Various systems for optical data transmission from a remote terminal to optical ground terminals are known and deployed. The primary function of these systems is to reliably transmit data from a data source to an optical ground terminal.
However, line-of sight communication contact with the optical ground terminal is limited during each flyover. Therefore the achieved speed of downlink channel is of upmost importance, since a great amount of data has to be transmitted to the optical ground terminal in a short amount of time for which a flyover lasts.
When scaling the downlink data rate from remote terminals to Earth, using optical frequencies, the required technical complexity, mass, power and volume for one on-board laser communication terminal cannot be smoothly upgraded, but it rather undergoes a technology-step once transmitter telescope diameters get so large that the required line-of-sight steering of the optical downlink beam cannot be achieved by a single high-precision actuator. At that technology step, nested control loops are required, usually comprising multi-axis course—and fine steering actuators together with complex optical beam routing and different kinds of optical sensors, altogether building up toward a complex on-board laser communication terminal that weighs several tens of kilograms and that requires dedicated satellite structural support for accommodation of large diameter telescopes.
It is known that mass increases with the telescope diameter ratio raised to approximately 3rd power, thereby inherently leading to non-linear increase in involved launch cost for the spacecraft operator who wants to employ laser communication terminals.

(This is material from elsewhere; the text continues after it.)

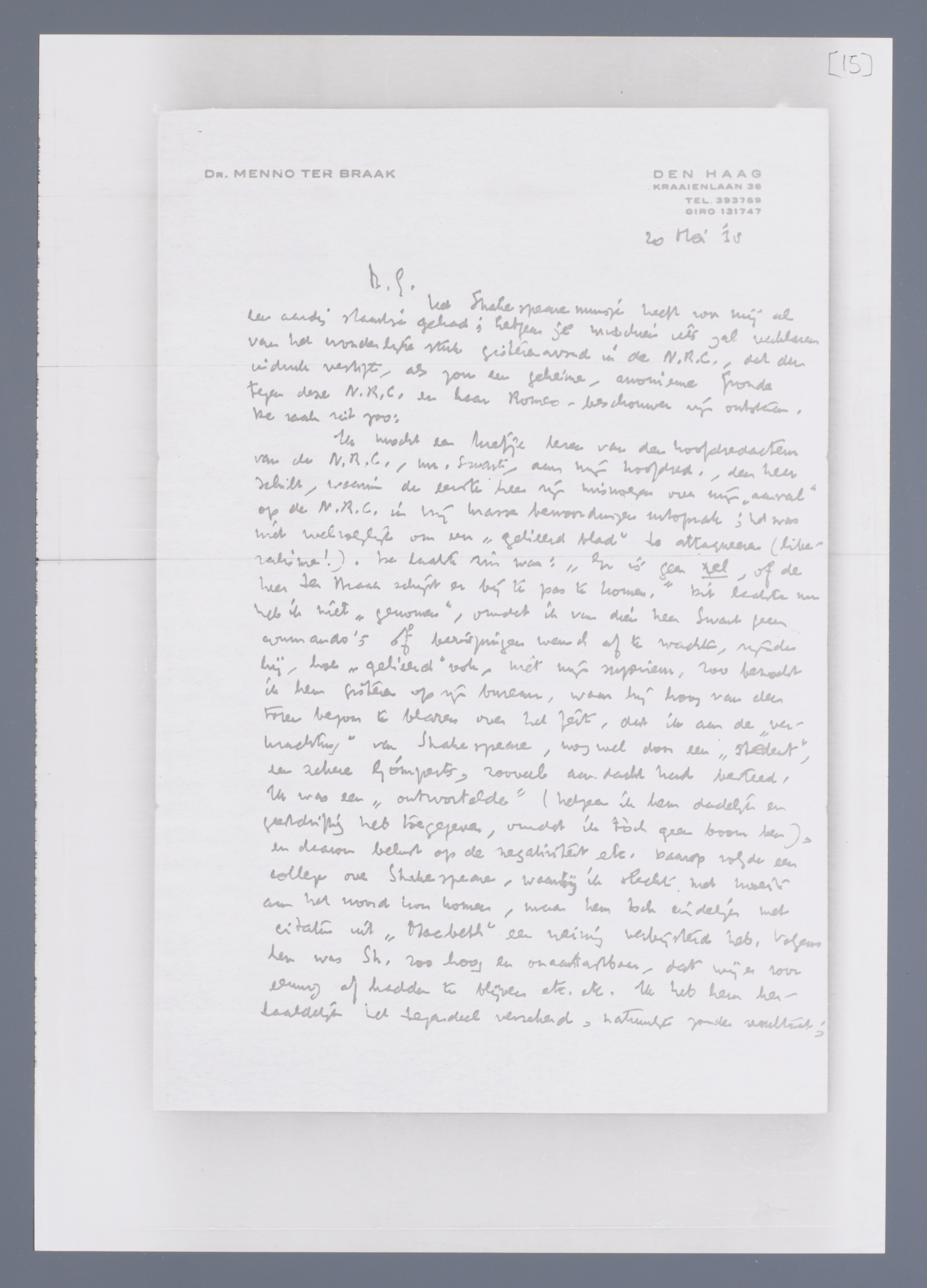 Het Shakespeare muisje heeft voor mij al een aardig ‘staartje’ gehad; hetgeen je misschien iets zal verklaren van het wonderlijke stuk gisterenavond in de N.R.C., dat den indruk vestigt, als zou een geheime, anonieme Fronde tegen deze N.R.C. en haar Romeo-beschouwer zijn ontstaan.

Examples for larger laser communication terminals are available from space demonstration missions like SILEX, TerraSAR-X. Even though quasi-stationary, Alphasat communication satellites—even though not that limited by reduced line-of-sight times—also face the requirement of increased downlink capacity. In direct-to-Earth link scenarios, such large optical terminals that link to optical ground stations are costly because they include highly sophisticated technologies, in order to exploit to maximum extent all capabilities of costly larger space laser communication terminals, clearly for economical reasons.
Furthermore, optical communication devices -as any other complex systems—are prone to failure thereby making them less reliable. In addition, optical links have the further disadvantage that even in relatively good weather, the optical line-of-sight might be disturbed thereby interrupting communication and thus degrading the availability of the system. However, since the line-of sight communication contact is broken after a short amount of time of a flyover and can be established again only at the next flyover after a further revolution (or not even), the reliability of the transmission is essential.
The problem arising with above described technical features is to achieve lower technical entry levels for laser communication system usage that allow users to increase the laser communications capabilities according to their needs. Today this leads to design constraints tailored to “mission-only”, involving each time high amounts of repeated development effort.